Exhibit 5.2
Willis Towers Watson PLC
Willis Towers Watson House
Elm Park
Merrion Road
Dublin 4
Our Ref
DOD/SD/661076/2
17 May 2023
Dear Sirs
Willis Towers Watson Public Limited Company (the “Company”) and Willis Towers Watson Sub Holdings Unlimited Company (the “Subsidiary”)
We have acted as your Irish counsel in connection with the offering by Willis North America Inc. (“Willis”) of $750,000,000 aggregate principal amount of its 5.350% senior notes due 2033 (the “Notes”) pursuant to the registration statement on Form S-3 filed by the Company with the United States Securities and Exchange Commission (the “SEC”) on 28 February 2022 (the “Registration Statement”) as supplemented by the prospectus supplement dated on or about the date hereof.
The Notes have been issued by Willis pursuant to the base indenture dated 16 May 2017 among (i) Willis, (ii) the Company, the Subsidiary and the other guarantors party thereto, and (iii) Computershare Trust Company, N.A. as successor to Wells Fargo, National Association (as trustee) (the “Trustee”) (the “Base Indenture”), as supplemented, including by the sixth supplemental indenture dated 17 May 2023 (the “Supplemental Indenture”, and together with the Base Indenture, the “Indenture”). The Indenture provides for the obligations under the Notes to be fully and unconditionally guaranteed (the “Guarantees”) pursuant to guarantees included in the Base Indenture by the Company, the Subsidiary, Willis Investment UK Holdings Limited, Willis Netherlands Holdings B.V., TA I Limited, Willis Towers Watson UK Holdings Limited, Willis Group Limited and Trinity Acquisition plc.
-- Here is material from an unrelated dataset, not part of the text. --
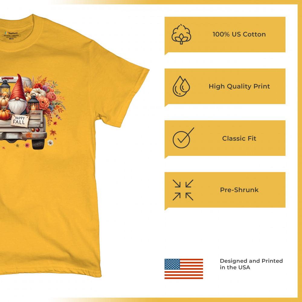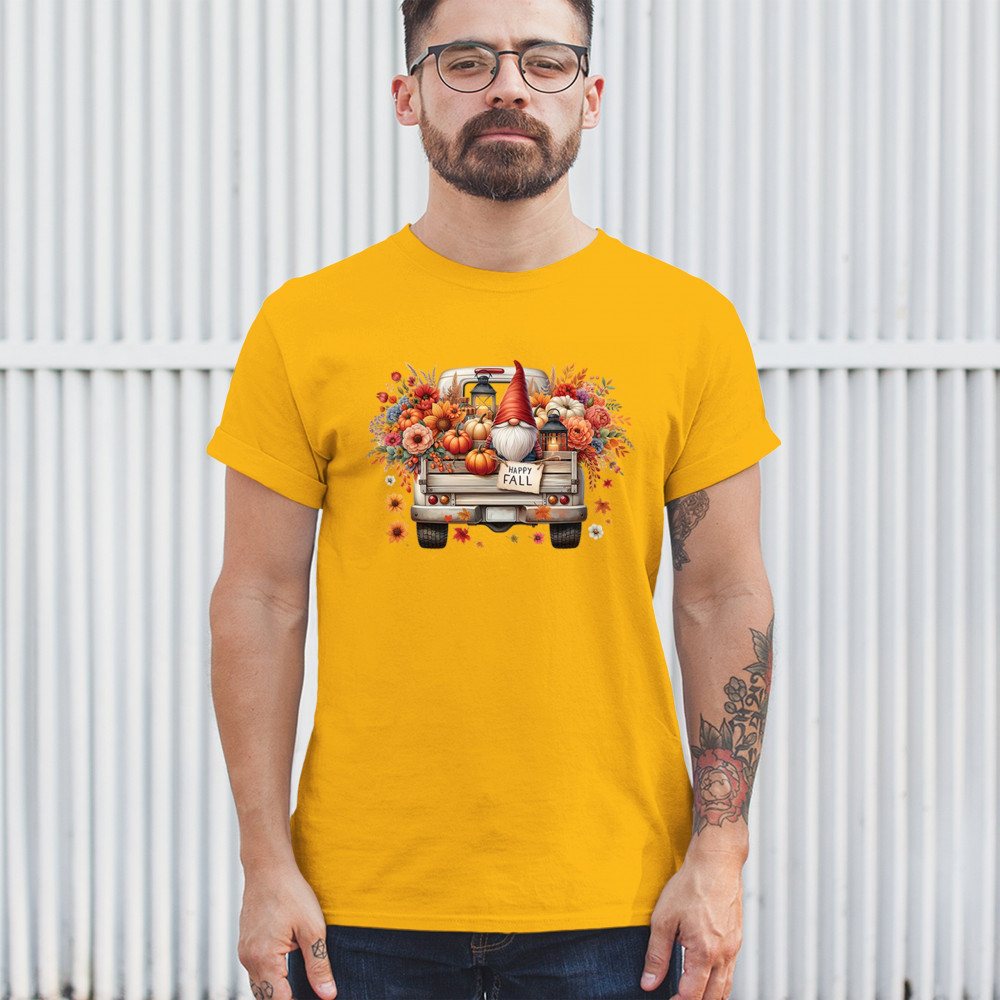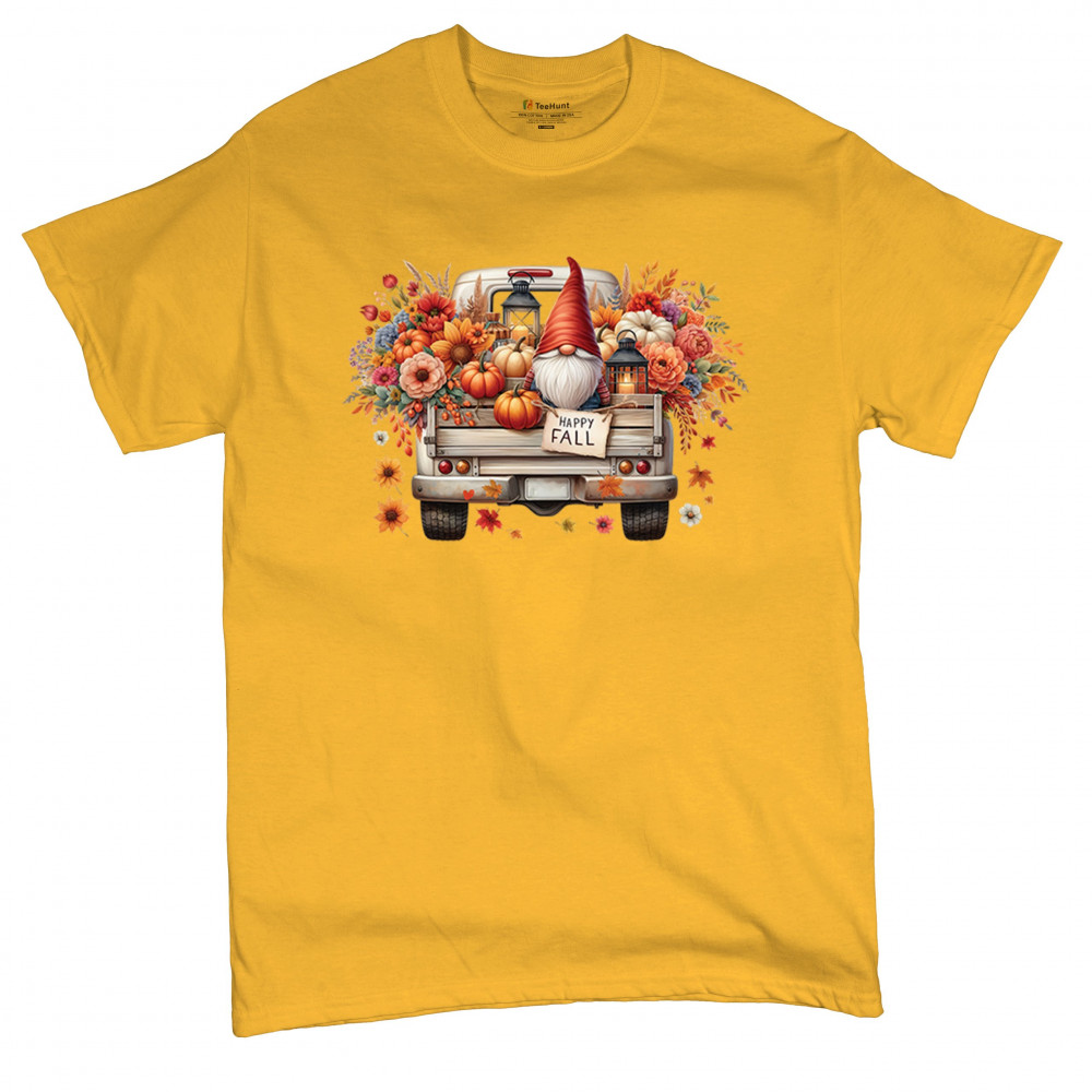 Bring fall charm into your wardrobe with this rustic gnome truck design. Overflowing with pumpkins, wildflowers, and a glowing lantern, it’s perfect for Thanksgiving, farmhouse gatherings, harvest festivals, and celebrating the floral autumn season in cozy style.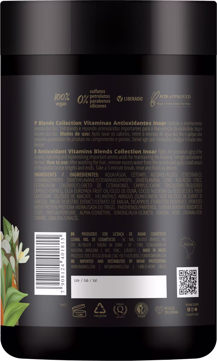 A Máscara Capilar Inoar Coleção Blends, da Inoar, é rica em Vitamina C, que trata os fios profundamente. Assim, consegue resgatar o aspecto saudável e bonito do cabelo enquanto protege do ressecamento e das agressões externas. Alto poder nutritivo promovendo maciez e brilho.

For the purposes of this opinion we have examined and relied upon the Registration Statement, the Supplemental Indenture and the documents listed in the Schedule to this opinion. The Registration Statement, the Supplemental Indenture and such documents are collectively referred to as the “Documents”. The Company and the Subsidiary are referred to as the “Irish Obligors” and each an “Irish Obligor”.